PROBLEM TO WORK ON >> Return the data below unchanged, without images.

DATA SEGMENT >>
------

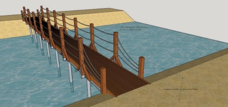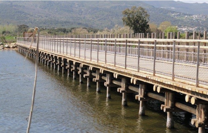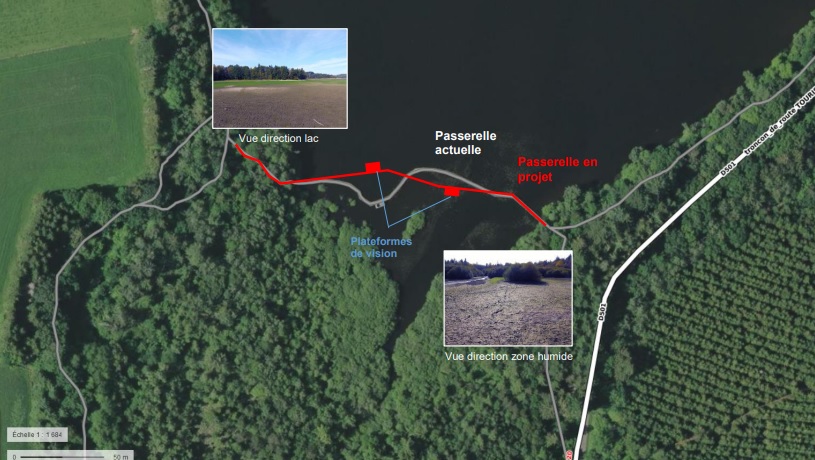 - La largeur de passage sur la passerelle passe de 1.5 m pour l’ancienne passerelle à 2 m de large sur la nouvelle passerelle. - Le cheminement, en lignes dites brisées, doit être constitué de 4 sections droites avec 3 angles doux pour changement de direction, et le platelage doit dessiner une forme harmonieuse à ces angles. - Deux plateformes de vision seront également réalisées sur ce cheminement. - Elles auront une
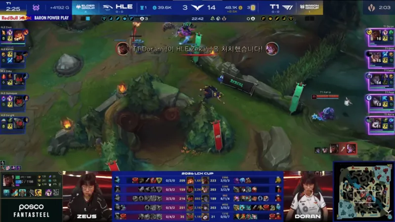 比赛第22分钟,T1抓掉Zeus纳尔后拿下大龙,随后中路打出0换4大胜HLE→
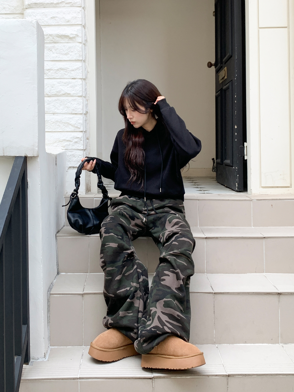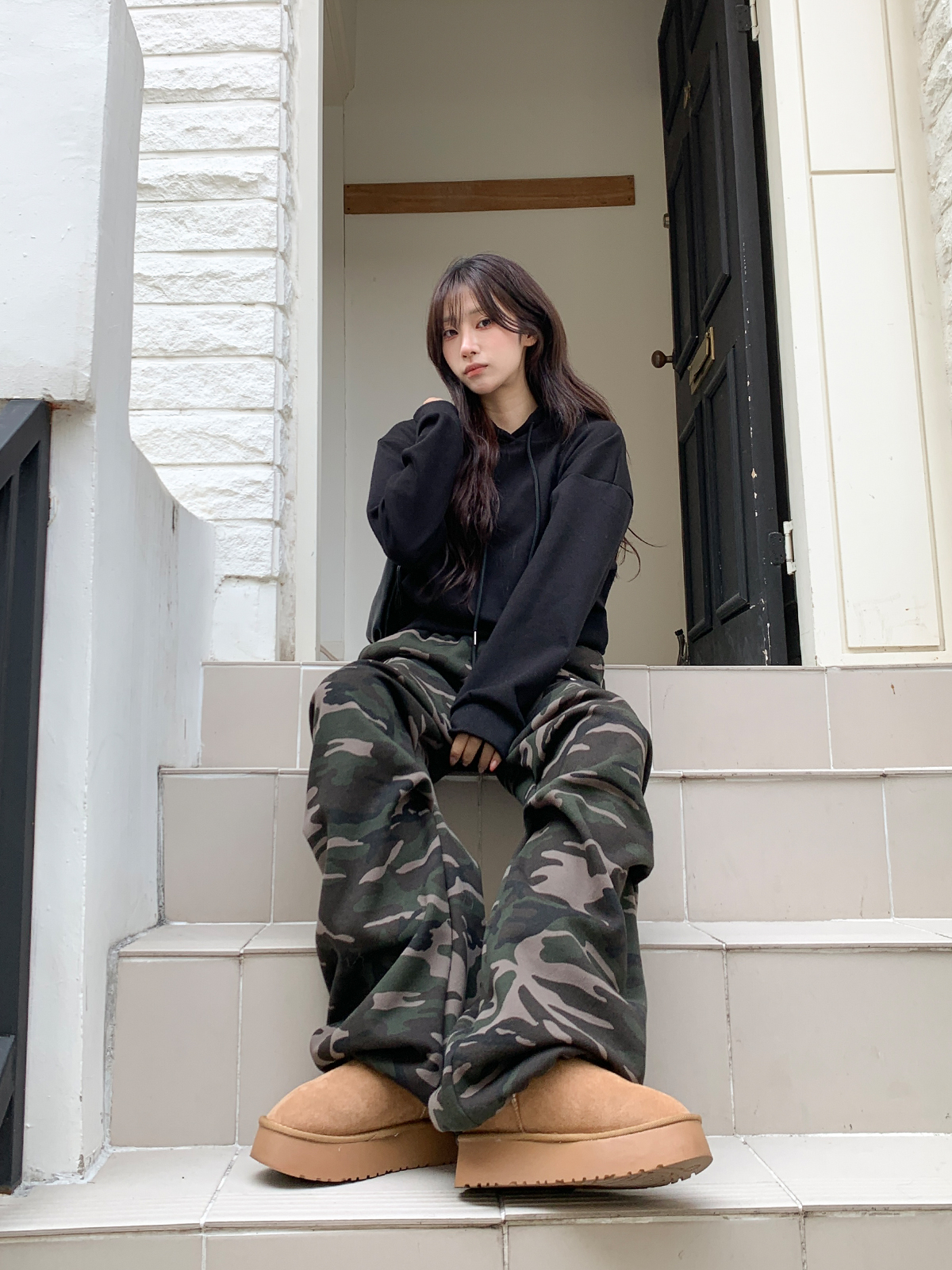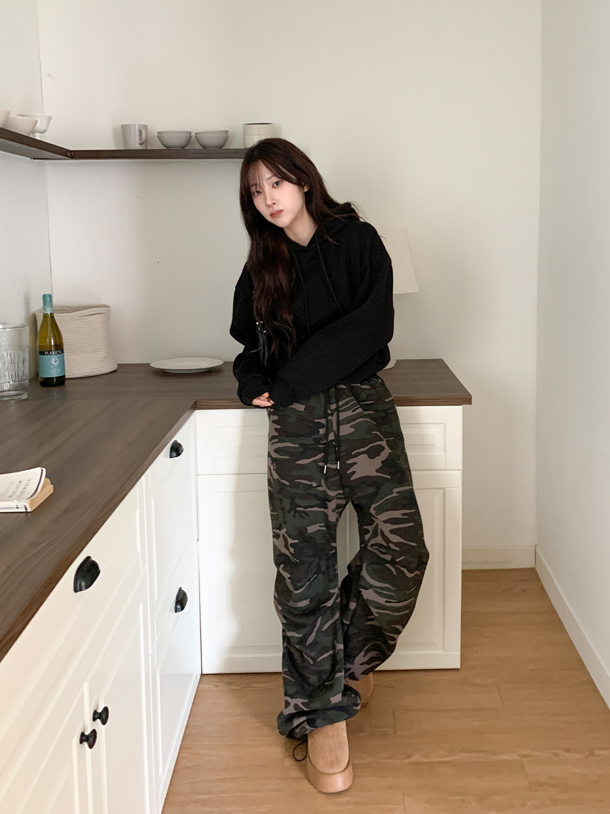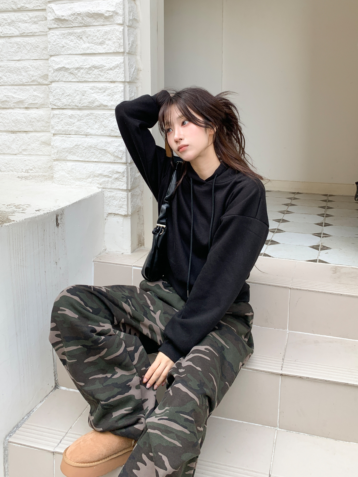 한겨울에 입기 좋은 기모 원단의 크롭 후드 티셔츠

------

SOLUTION >>
 - La largeur de passage sur la passerelle passe de 1.5 m pour l’ancienne passerelle à 2 m de large sur la nouvelle passerelle. - Le cheminement, en lignes dites brisées, doit être constitué de 4 sections droites avec 3 angles doux pour changement de direction, et le platelage doit dessiner une forme harmonieuse à ces angles. - Deux plateformes de vision seront également réalisées sur ce cheminement. - Elles auront une
 比赛第22分钟,T1抓掉Zeus纳尔后拿下大龙,随后中路打出0换4大胜HLE→
 한겨울에 입기 좋은 기모 원단의 크롭 후드 티셔츠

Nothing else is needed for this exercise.